Causes of Sarcoidosis

Many attempts have been made to clarify the cause of sarcoidosis, so far unfortunately in vain. Due to a high incidence of sarcoidosis in families and in identical twins, it has been assumed for some time that it is a genetic defect. In 2005, a specific gene (the BTNL2 gene) was discovered, which increases the risk of developing sarcoidosis by at least 60% when mutated, i.e. altered.

The gene is located on chromosome 6, and at the center of the disease (sarcoidosis) is an abnormal and excessive immune response (immune system) of the body to a specific substance, a specific antigen, which is still unknown. Some bacteria, viruses and organic substances have already been mentioned as triggers. If such a substance enters the body, the organism in some people reacts excessively and tries to protect itself against the substance. This happens with the help of granuloma formation, i.e. nodular formation, in which a kind of protective wall is built up around the substance from various cells so that it cannot spread further. Very specific cell types are involved in the formation of these granulomas, so-called epitheloid cells and also lymphocytes (sarcoidosis).

Diagnosis of Sarcoidosis

In addition to the physical examination, various imaging procedures and laboratory tests are available for the diagnosis of sarcoidosis. An X-ray of the ribcage is taken as standard. The other diagnostic methods are described in more detail below for the particularly interested reader: A pulmonary lavage (BAL, bronchoalveolar lavage) is performed to cytologically examine the secretion obtained.

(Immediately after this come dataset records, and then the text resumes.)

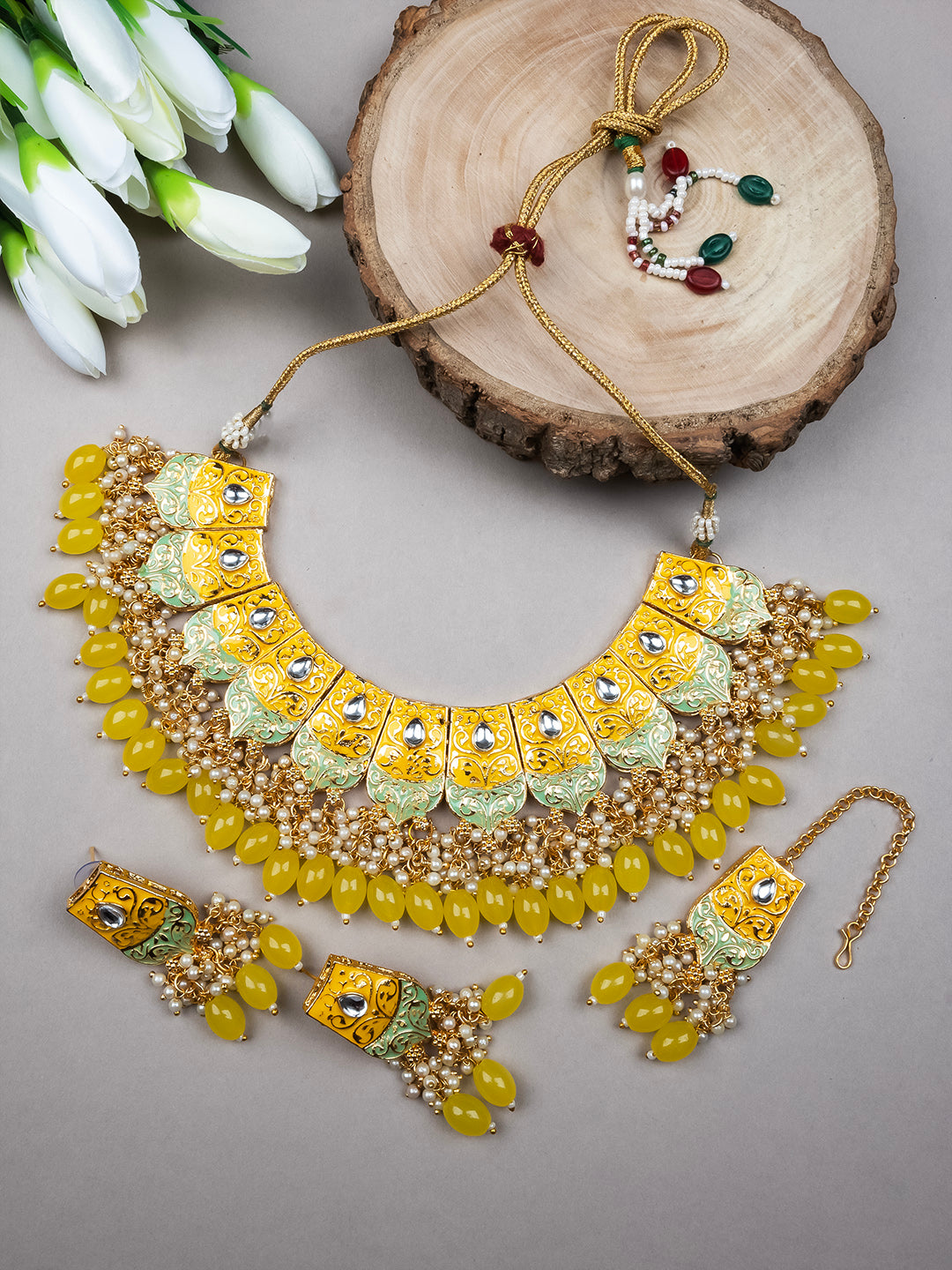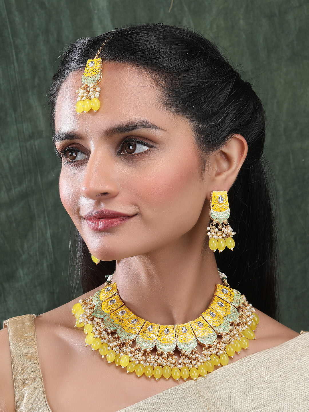 Versatile Kundan Meenakari Droplet Necklace Set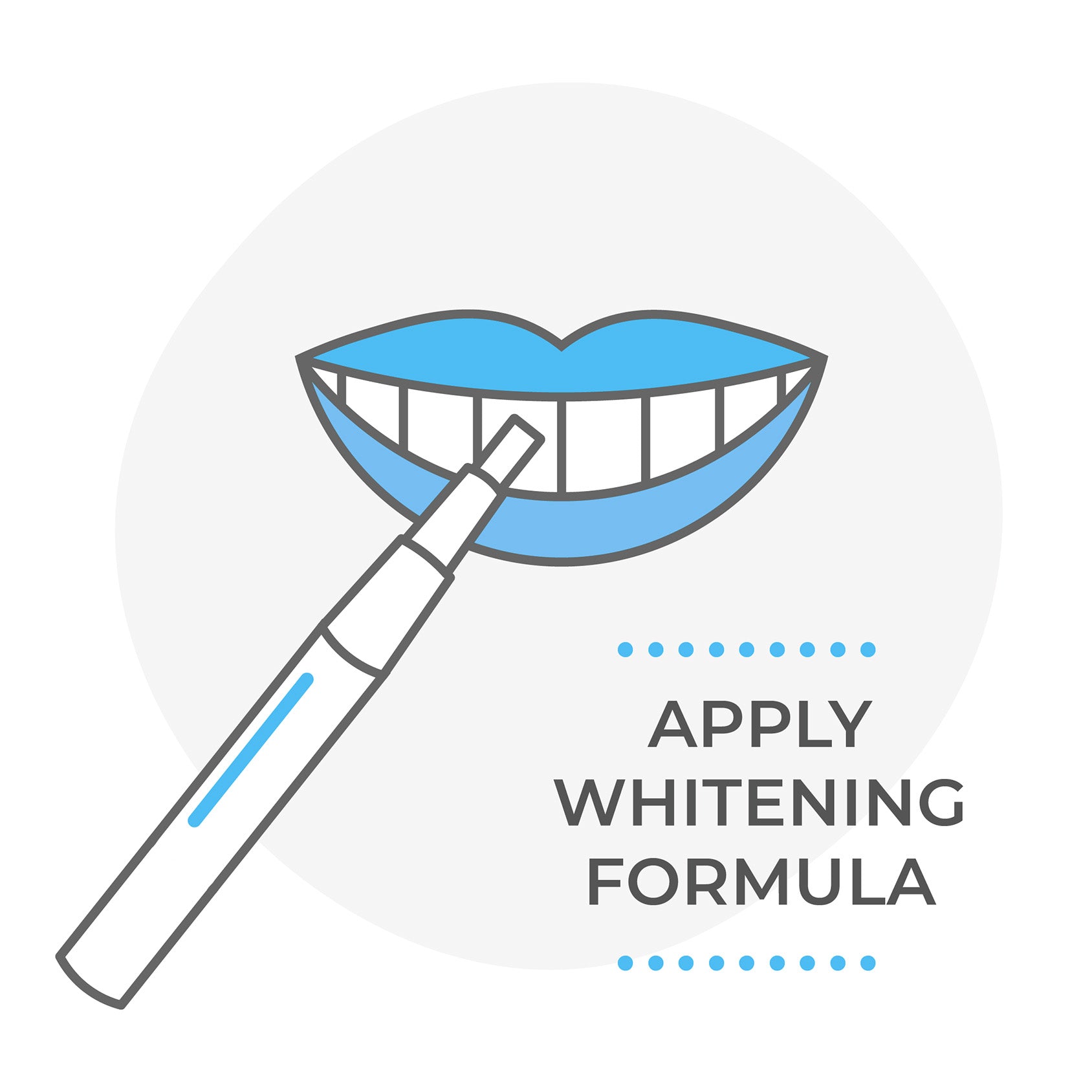 Apply the whitening formula directly to the front surface of your upper and lower teeth. The whitening formula is what gives your teeth that pearly white finish.
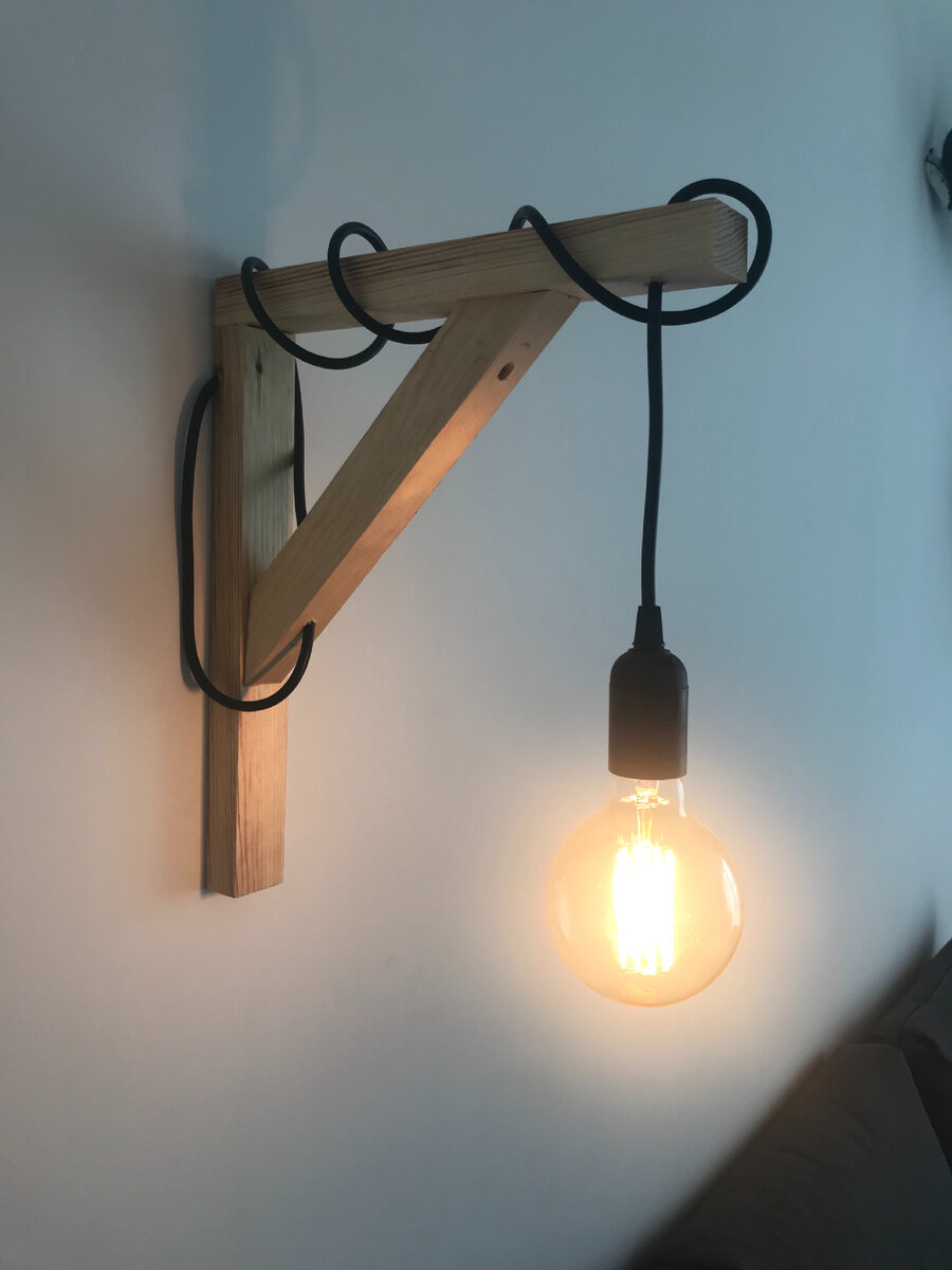 Много вариантов было рассмотрено, однако, решили сделать дёшево, красиво. Изначально это была просто доска за 100 рублей, провод за 200, патрон за 45, и лампочка💡 Сделать его очень просто, вырезаем обычный уголок, скрепляем тем что есть, мы крепили винтами для мебели. Расскажу о нюансах. Сразу скажу, никаких скруток проводов - это опасно, покупаете специальные клеммы для соединения проводов, желательно, чтобы можно было соединять как одножильные так и многожильные провода. Сзади маленькой киянкой вырезаем углубления для проводов переходников и прочее, чтобы все некрасивое осталось. Подвешиваем на обычный крепёж для полок. Покупаем красивую лампу, моя за 300 руб. Ну и котика вам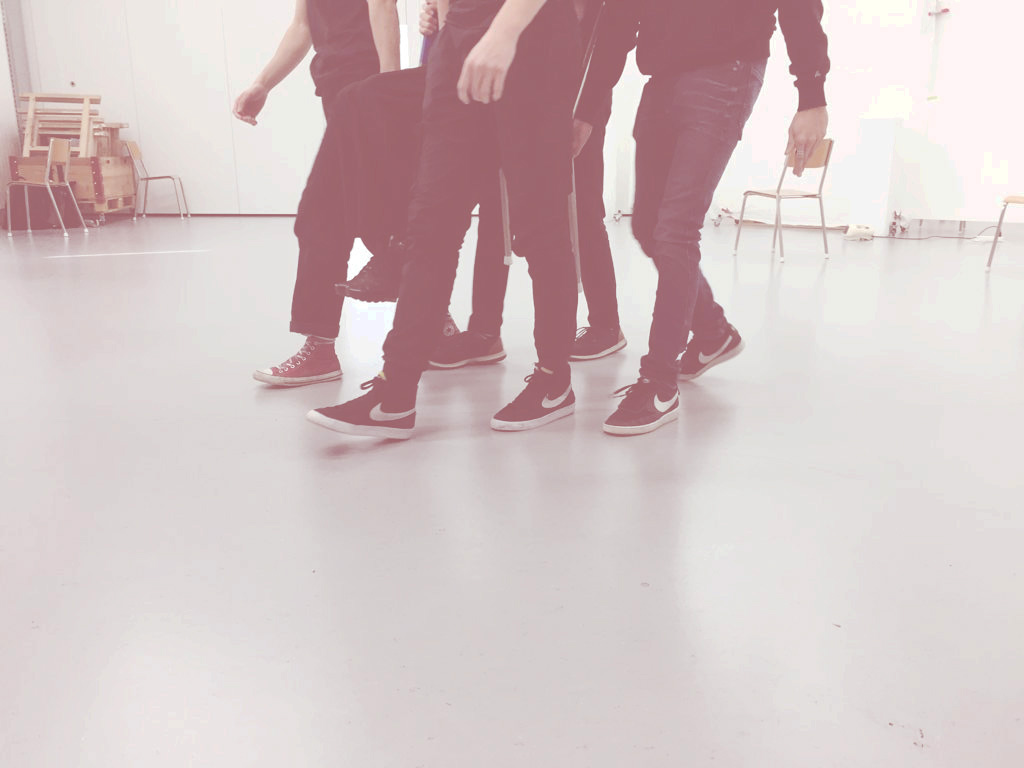 Workshop in der Schule für Gestaltung Aargau. Der Workshop vermittelte zwei Klassen auf explorative Weise Zugang zum Thema Performance.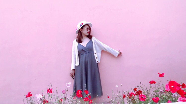 花沟村委会的粉墙也成为我们臭美的背景。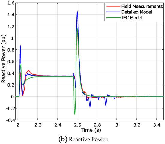 The differences between the field measurements and the IEC model, both in the active and the reactive power responses, which are mainly due to the inability of the generic model to accurately represent the transient periods, are described with great precision in [23]. Indeed, the study summarizes the simplifications implemented in the Type 3A WT model, which is the one modeled in the present work, as explained in Section 3.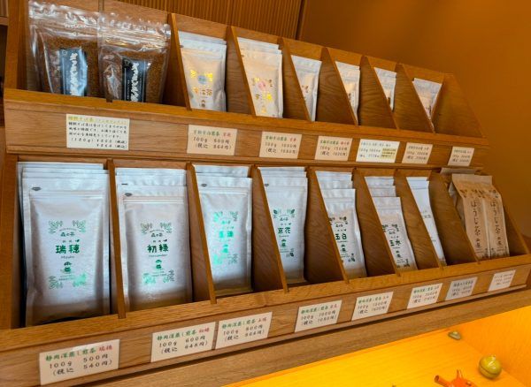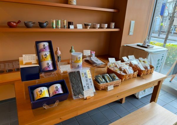 店内に足を踏み入れると、お茶やナチュラルスイーツ、急須や茶器が並び、洗練された雰囲気が広がっています。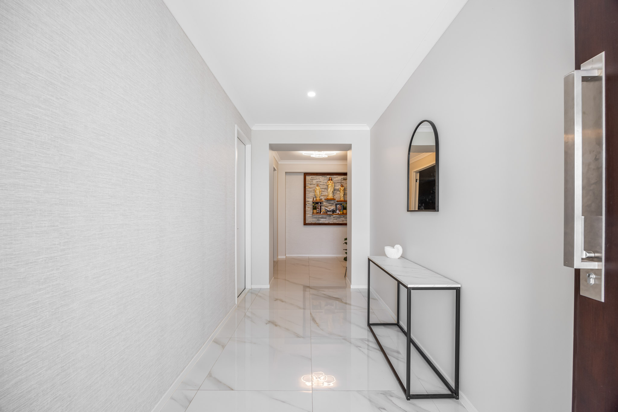 Throughout the home, plantation shutters, soft sheer curtains, and bold feature wallpaper provide a stylish, contemporary feel. The bathrooms are a masterpiece, with floor-to-ceiling tiling that adds a touch of opulence to your daily routine. You’ll also be impressed by the extra-large, blacked-out media room — the perfect space for movie nights or immersive entertainment.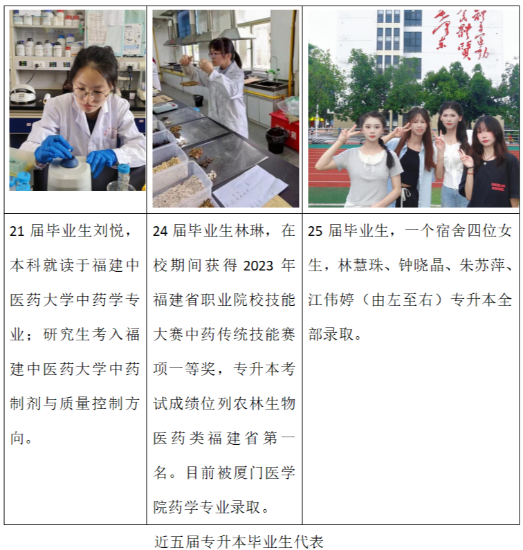 升學率:已培養(yǎng)12屆畢業(yè)生,2020~2024年應屆畢業(yè)生參加專升本考試錄取率達15%以上。2025年中藥學專業(yè)學生被本科高校錄取人數(shù)30名,占比20%以上。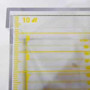• กล่องโปร่งใสพร้อมฝาปิดขนาดประมาณ 10.5 x 10.5 x 10.5 cm มีสเกลบอกปริมาตร 2 หน่วย คือ มิลลิลิตร (ml) และ เดซิลิตร (dl)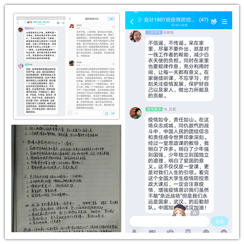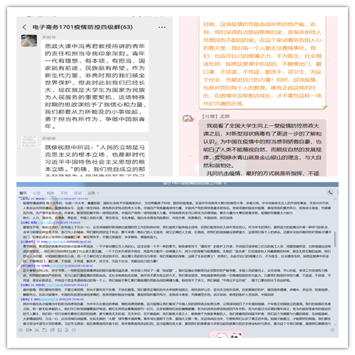 此次的线上思政课,艾四林、秦宣、王炳林、冯秀军4位教授围绕“在抗击疫情斗争中深化理论认识”、“疫情大考告诉我们什么”、“总结历史经验 增强必胜信心”、“战役里的最美青春——谈中国青年的责任与担当”4个方面主题,为我们深刻解读了党中央关于疫情防控的决策部署,分析了中国抗疫彰显的中国共产党领导和中国特色社会主义制度的显著优势。他们将疫情防控工作中涌现的案例转化为鲜活的课堂,让广大青年上了一堂贴近心灵,直击灵魂,入脑入心的疫情防控“金课”。线上观摩学习结束后,我院师生通过各种在线云班会、在线讨论、自制微信推文等各种方式热议“思政大课”,并展开热烈讨论,撰写心得,将自己的所感所悟和同学们分享!辅导员们还和学生们就此次思政课围绕这次疫情大考对我们的启示、对于中国青年的责任与担当等方面开展了热烈讨论。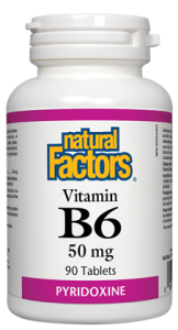 Natural Factors Vitamin B6 provides 50mg of Vitamin B6 (pyridoxine hydrochloride) per serving.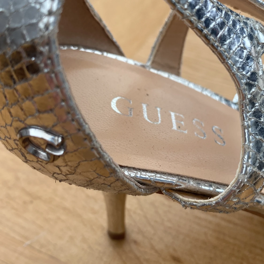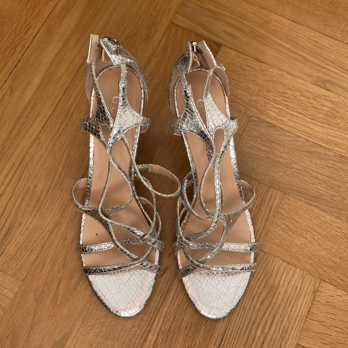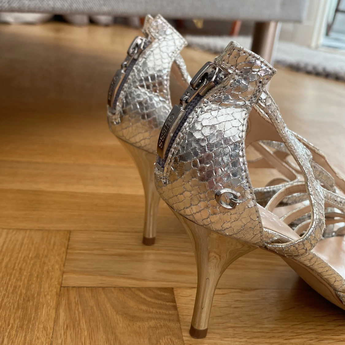 Snygga silvriga sandaler från Guess med hög klack och ormskinnsmönster. Skorna har flera smala remmar, öppen tå och dragkedja bak med metall-detaljer. Perfekta för dig som vill sticka ut med ett glittrigt statement.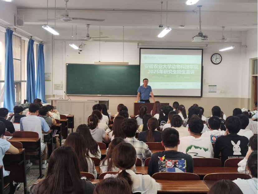 本网讯 为做好2024年研究生招生宣传工作,让广大考生对我校有更加全面的了解,进一步提高研究生生源质量。9月25日,动物科技学院副院长曹祖兵带队赴淮北师范大学生命科学学院开展研究生招生宣传,宣讲会由生命科学学院副书记谢红霞主持。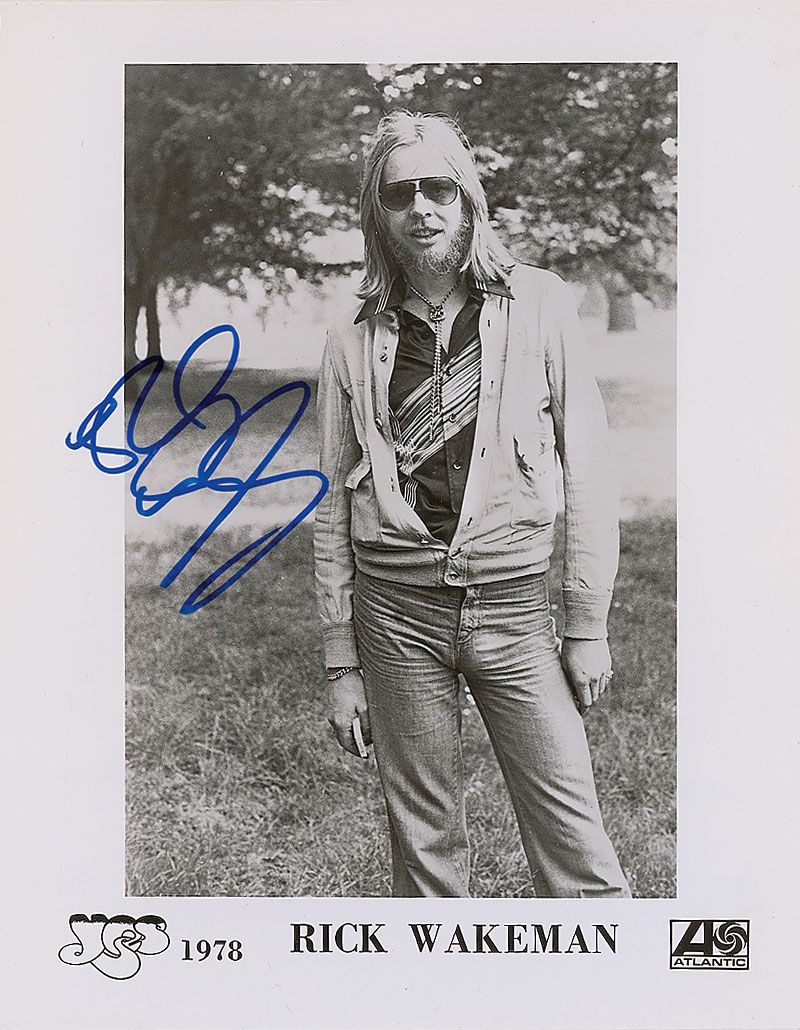 Glossy 8 x 10 Atlantic publicity photo as a member of Yes, signed in person in blue felt tip. In fine condition, with a few light bends and creases. Originally obtained by in-person specialist Mike Wehrmann.

In sarcoidosis, lymphocytic alveolitis (inflammation of the pulmonary alveoli with increased levels of lymphocytes) with an increased CD4/CD8 ratio is observed: This means that although there are more T-cells (immune cells), their function is disturbed. It is also possible to take a biopsy of lymph nodes of the lung or a biopsy of lung tissue during a lung endoscopy. The histological examination of the tissue shows non-caustic epithelioid cell granulomas (connective tissue nodules) with giant Langhans cells and a border wall of lymphocytes, monocytes and connective tissue cells.

Blood tests for sarcoidosis show elevated inflammation levels and an increased blood sedimentation rate (BSG). In addition, the values for antibodies and immunoglobulin G are elevated. In the case of kidney involvement, calcium and calcitriol are elevated.

Further tests include creatinine, urea and a urine test to assess kidney function. Lung function is examined by spirometry. ACE (angiotensin converting enzymes) and S-IL-2R (soluble IL-2 receptor) are activity markers for lung diseases, they decrease with successful therapy of sarcoidosis. Further examinations in sarcoidosis include an ECG to rule out arrhythmia of the heart, a visit to the ophthalmologist (eye involvement?) and a tuberculin test (which is negative because of the disturbed T-cell function).